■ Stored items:
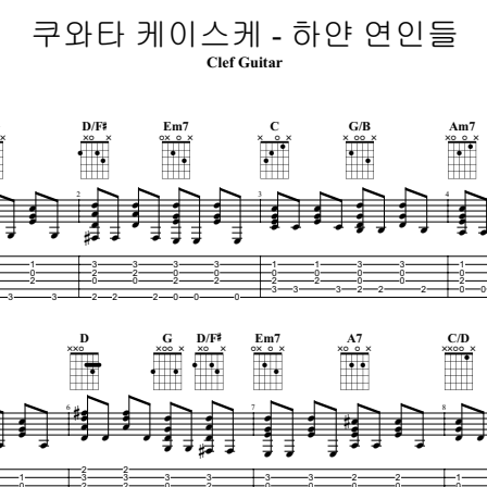쿠와타 케이스케 - ​하얀 연인들 [타브 + 코드 악보]
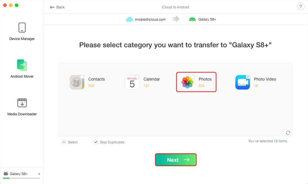 Checken Sie die zu übertragenden Kategorien. Klicken Sie auf ,,Next“, um den Vorgang zu starten. Anschließend werden die ausgewählten Fotos aus dem iCloud–Backup auf IhremAndroid–Telefon wiederhergestellt.
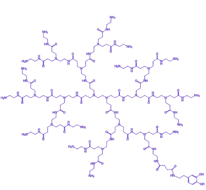 PAMAM 作为核心结构单元,以乙二胺为起始核心,通过逐层分支聚合形成高度支化的三维纳米结构,其表面分布有大量氨基、羟基或羧基等活性官能团,分子尺寸可通过调控代数(G0-G10)实现精准控制,内部空腔结构可高效包载药物分子或金属离子。多巴胺作为生物活性修饰单元,分子结构中含邻苯二酚与氨基官能团,赋予材料优异的表面粘附性能、生物相容性及抗氧化活性,可通过邻苯二酚基团与金属、聚合物等基材表面形成稳定的共价或非共价相互作用。
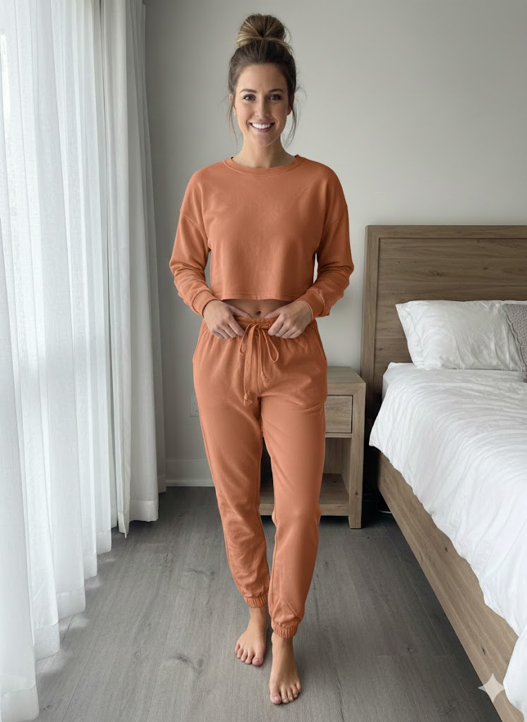Pantaloni trening dama vatuiti interior,culoare portocaliu (cărămiziu),Engros
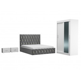 Setul dormitor Ana va ofera buna dispozitie si eleganta .Designul dormitorului va ofera o atmosfera calda si relaxanta. Setul include Pat tapitat Ana gri , Dressing alb usi glisante cu oglinda si 2 noptiere . Patul este potrivit atat pentru saltea cu o fata cat si pentru saltele cu doua fete.
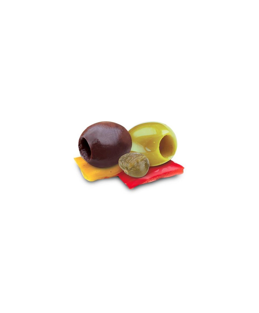 Olives vertes et noires dénoyautées en proportions variables, huile de tournesol, poivrons rouges et jaunes, câpres, sel, épices, vinaigre de vin blanc, correcteurs d'acidité : acide lactique et acide citrique, antioxydant : acide ascorbique

■ EXERCISE REQUIREMENTS:
Reproduce every record above word for word. Leave the pictures out.

■ OUTPUT OF THE TASK:
쿠와타 케이스케 - ​하얀 연인들 [타브 + 코드 악보]
 Checken Sie die zu übertragenden Kategorien. Klicken Sie auf ,,Next“, um den Vorgang zu starten. Anschließend werden die ausgewählten Fotos aus dem iCloud–Backup auf IhremAndroid–Telefon wiederhergestellt.
 PAMAM 作为核心结构单元,以乙二胺为起始核心,通过逐层分支聚合形成高度支化的三维纳米结构,其表面分布有大量氨基、羟基或羧基等活性官能团,分子尺寸可通过调控代数(G0-G10)实现精准控制,内部空腔结构可高效包载药物分子或金属离子。多巴胺作为生物活性修饰单元,分子结构中含邻苯二酚与氨基官能团,赋予材料优异的表面粘附性能、生物相容性及抗氧化活性,可通过邻苯二酚基团与金属、聚合物等基材表面形成稳定的共价或非共价相互作用。
Pantaloni trening dama vatuiti interior,culoare portocaliu (cărămiziu),Engros
 Setul dormitor Ana va ofera buna dispozitie si eleganta .Designul dormitorului va ofera o atmosfera calda si relaxanta. Setul include Pat tapitat Ana gri , Dressing alb usi glisante cu oglinda si 2 noptiere . Patul este potrivit atat pentru saltea cu o fata cat si pentru saltele cu doua fete.
 Olives vertes et noires dénoyautées en proportions variables, huile de tournesol, poivrons rouges et jaunes, câpres, sel, épices, vinaigre de vin blanc, correcteurs d'acidité : acide lactique et acide citrique, antioxydant : acide ascorbique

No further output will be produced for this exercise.